# Man faces 20 charges after search of apartment



## kwflatbed (Dec 29, 2004)

_By LANE LAMBERT
The Patriot Ledger_

MARSHFIELD - First the Marshfield police arrested Jason Gallo on Wednesday night as he sat in his car at the Bull's Run pub. Then they searched his apartment.

By the time they were finished, police had seized $12,000 worth of cocaine, hundreds of prescription pills, two guns and thousands of dollars' worth of sports equipment.

Gallo, 28, of 58 Bradley St., Marshfield, has been held on $100,000 bail and faces 20 charges ranging from possession of cocaine with intent to distribute to possession of stolen property. He was also charged with driving with a revoked license.

Gallo was arraigned Friday in Plymouth District Court, where a plea of innocent was entered on his behalf. A pretrial hearing is scheduled for Dec. 20.

''This was a significant arrest,'' Lt. Robert Wright said. ''He was the biggest street-level cocaine dealer in Marshfield.''

According to Wright, police first used a search warrant to search Gallo and his 2004 Chevrolet Avalanche at about 7:40 p.m.
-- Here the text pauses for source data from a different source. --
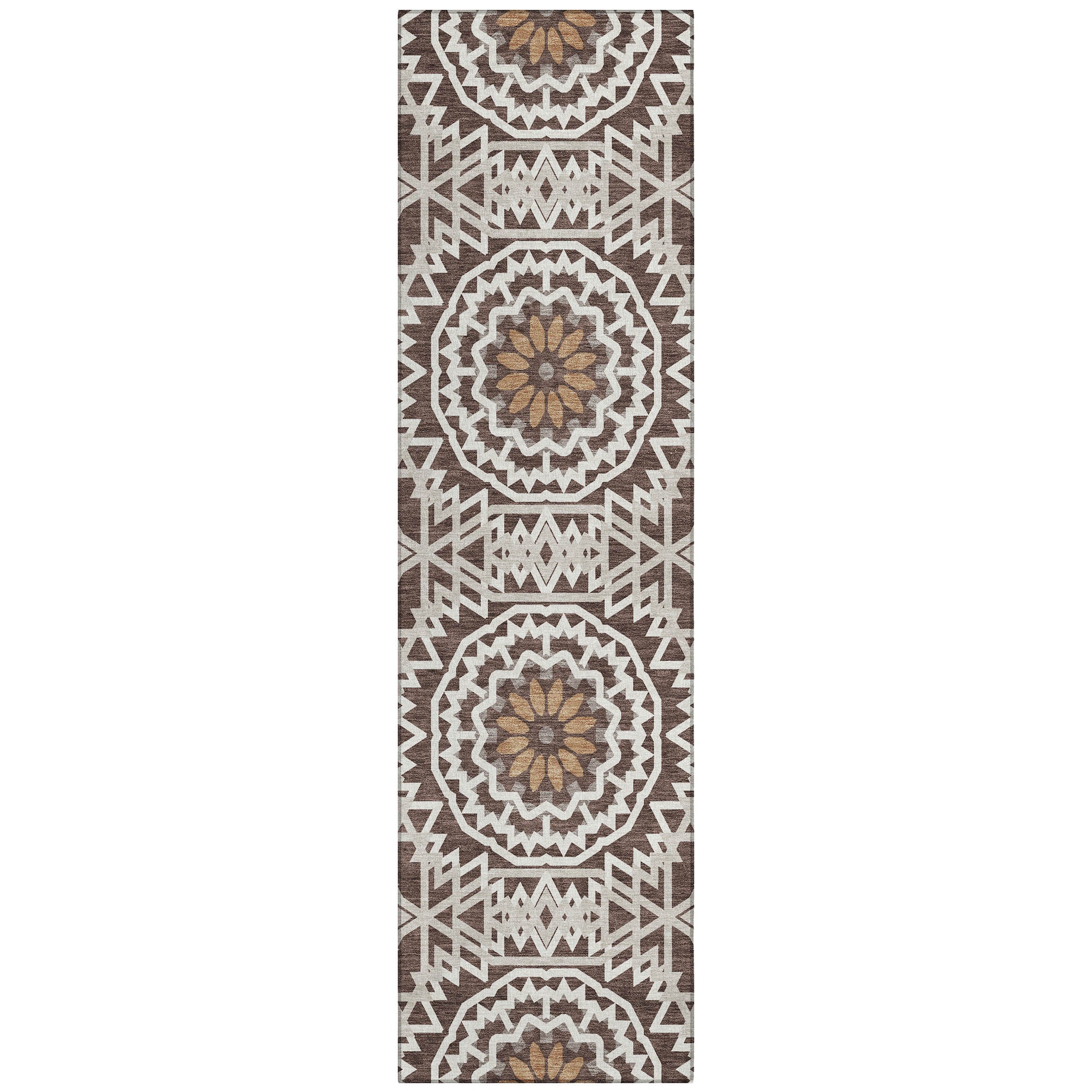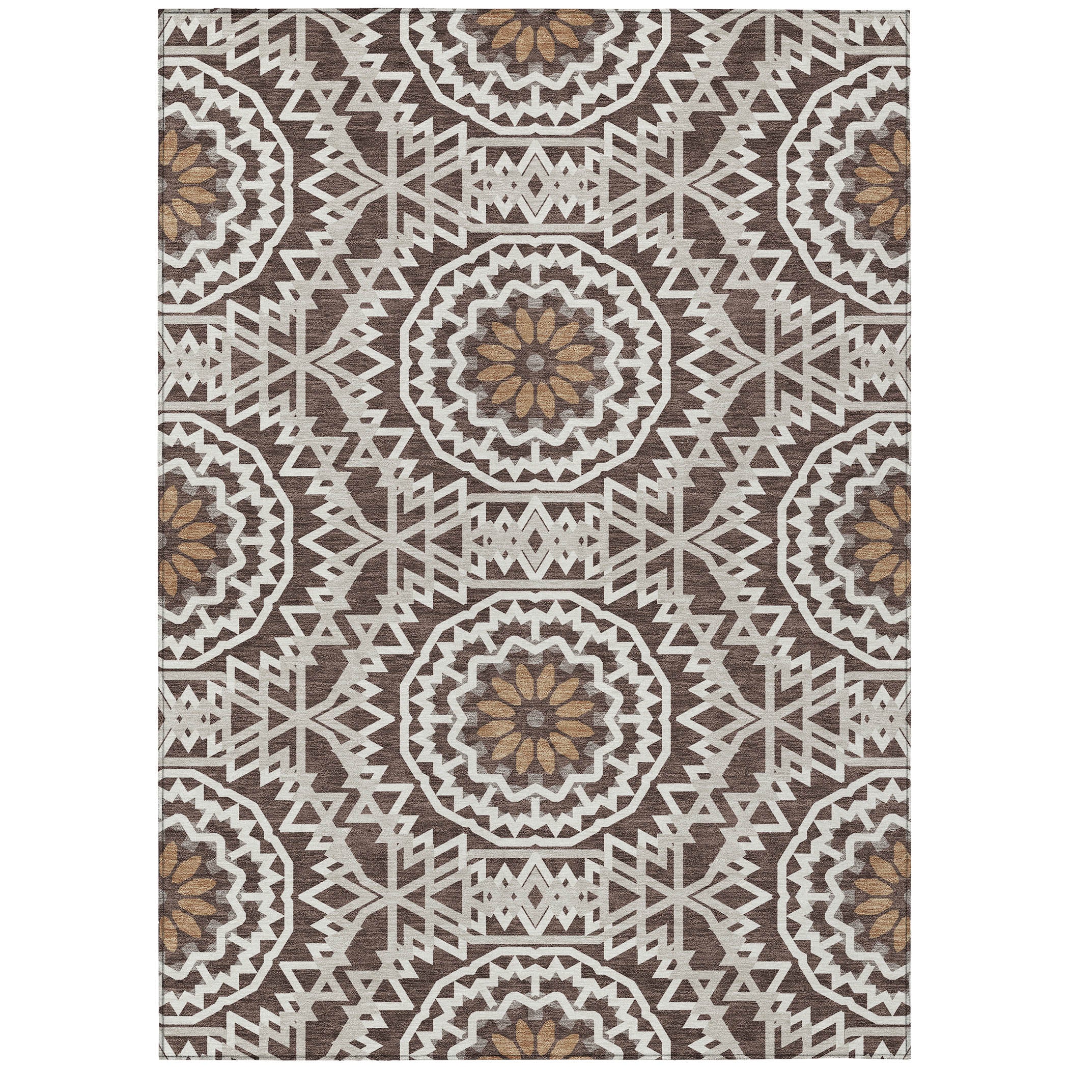 Chantille ACN619 Chocolate rug, a stunning piece that brings elegance into your space. Inspired by the captivating beauty of stained glass, this transitional rug showcases interlocking medallion circles that create a harmonious focal point in any room.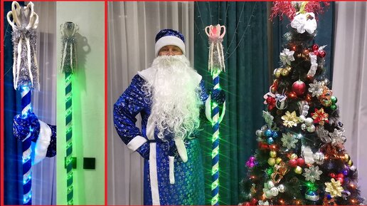 ПОСОХ ДЕДА МОРОЗА с подсветкой. Своими руками. Подробное видео.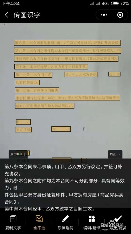 可点“全选”或点文字上的框框进行选择所需文字,如图所示:
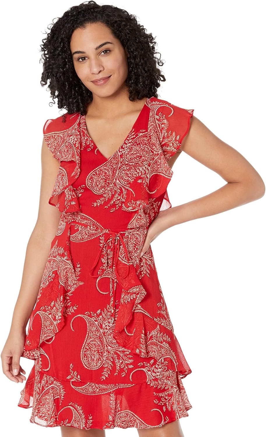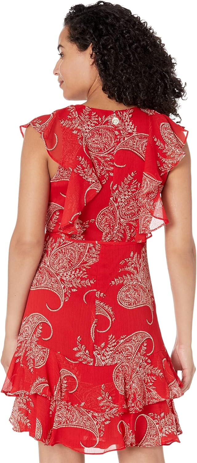 Это женское платье Tommy Hilfiger, облегающее и расклешенное, из шифона, средней длины, с V-образным вырезом и рукавами-крылышками в горошек.

Wednesday as he sat in the parking lot at the Bull's Run restaurant on Careswell Street.

Gallo had 37 grams of cocaine on him, and a .22-caliber handgun in the vehicle's console, Wright said.

In Gallo's basement apartment on Bradley Street, police seized another 2½ ounces of cocaine, along with morphine and methadone prescription pills and smaller amounts of other prescription drugs.

Police also seized an AR-15 semiautomatic assault rifle, a sword and dozens of high-priced baseball bats, tennis rackets, hockey skates and gloves and other sports items.

Gallo was also charged with possession with the intent to distribute an electric stun gun and use of a firearm in a felony.

Wright said the cocaine taken from Gallo's vehicle and apartment would have a street value of $11,000 to $12,000. He didn't put an estimate on the value of the prescription drugs. He said the sporting goods were probably stolen by others in trade for drugs.

Gallo was renting the basement apartment in a house owned by an uncle, ''but there's no indication that any other family members were involved'' in the alleged crimes, Wright said.

_Lane Lambert may be reached at [email protected]._

Copyright 2005 The Patriot Ledger
Transmitted Saturday, November 26, 2005


----------



## Eamonn Wright (Nov 1, 2005)

Great pinch!


----------



## Irish Wampanoag (Apr 6, 2003)

Marshfield and Hanover are just kicking ass on the drug trade here on the South Shore two big arrests! I have a feeling this arrest lead to the big bust in Hanover (just speculating of course)

Great Job!:t:


----------